The Dismissal Statutes mandate that more than a dozen hurdles be cleared before a district can dismiss an underperforming teacher. These hurdles result in a labyrinthine dismissal process requiring investigations, hearings, union grievances, administrative appeals, court challenges, and re-hearings—all of which can and often do take multiple years and cost hundreds of thousands, or even millions, of dollars.
Recent studies have found that the Dismissal Statutes effectively prevent school administrators from dismissing teachers for poor performance. In the past decade, for example, LAUSD officials spent $3.5 million trying to dismiss seven of the district’s teachers for poor classroom performance. The process endured for an average of five years per teacher, and the average cost of the process to the LAUSD was $500,000 per teacher. Ultimately, only four of the seven teachers were dismissed, two of the teachers were paid large settlements, and one teacher remained employed.
The lawsuit also alleged that California’s laws were effectively discriminatory as the worst performing teachers often ended up in districts serving a disproportionate number of poor and/or minority students. The process was referred to as the “dance of the lemons.” Essentially, with administrators unable to dismiss underperforming teachers they often have no choice but totransfer them to other schools within the district and often to schools that “serve high concentrations of economically disadvantaged students, students of color, and English learners.”
As described above, as a direct result of the Challenged Statutes, a certain number of grossly ineffective teachers who are unable to minimally prepare students to compete in the economic marketplace or to participate in a democracy obtain and retain employment in the California public school system. Rather than dismiss grossly ineffective teachers for their poor performance, the Challenged Statutes cause school administrators to transfer those teachers to other schools within the district, a phenomenon sometimes referred to as the “dance of the lemons.” Often, and disproportionately to the number of schools within a school district, grossly ineffective teachers are transferred to schools that serve high concentrations of economically disadvantaged students, students of color, and English learners.
The Dismissal Statutes require the following procedure to be followed in connection with attempting to dismiss a teacher for underperformance:
California’s Last-In First-Out (“LIFO”) Statute
Mandates that layoffs be conducted in accordance with seniority and without regard for teacher’s performance, effectiveness or quality.
California Education Code section 44955 (the “LIFO Statute”) mandates the selection criteria by which teachers are to be included in any district-wide layoff.
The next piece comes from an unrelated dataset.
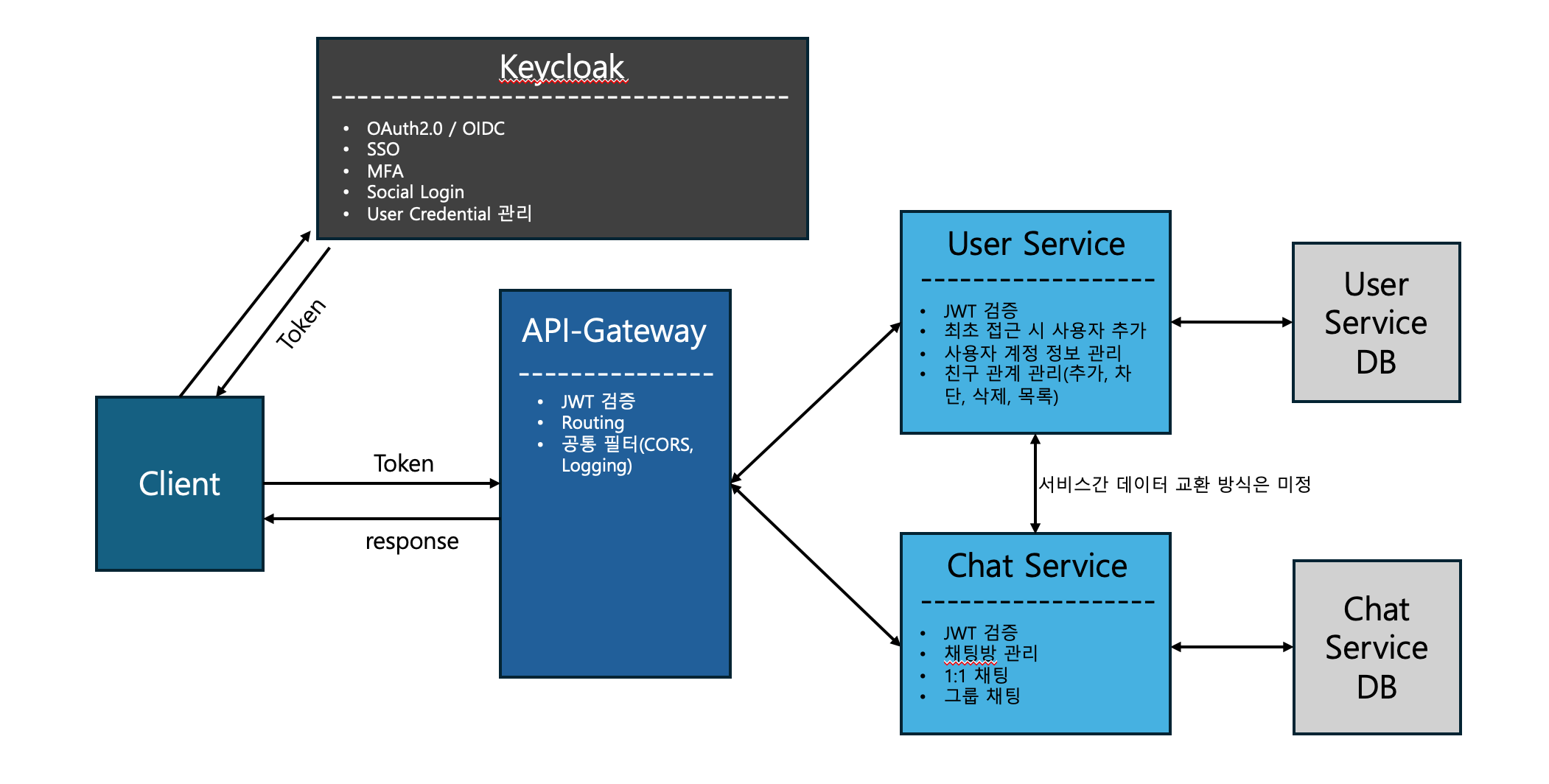 이 프로젝트는 Keycloak을 인증/인가 서버로 분리하고, 그 위에 Gateway / 서비스(User, Chat) 구조로 기능을 나누어 구성했다.

The LIFO Statute creates a seniority-based layoff system, irrespective of a teacher’s performance, effectiveness, or quality.
Per the LA Times, the teachers’ union representation was elated by the Supreme Court’s decision. To our complete lack of surprise, he concluded that the real problem with California’s underperforming schools is that the State just needs to give teachers even more money.
“We applaud the state Supreme Court’s affirmation of the appeal court decision,” said Joshua Pechthalt, president of the California Federation of Teachers. “We can now turn closer attention to solving the actual problems we confront in our schools.”
Pechthalt said that the more crucial challenges include securing increased funding, reducing class sizes and confronting a looming teacher shortage.
We’re sure Josh has a point. Washington D.C. spends among the most per pupil of any state in the country and those schools are amazing, right?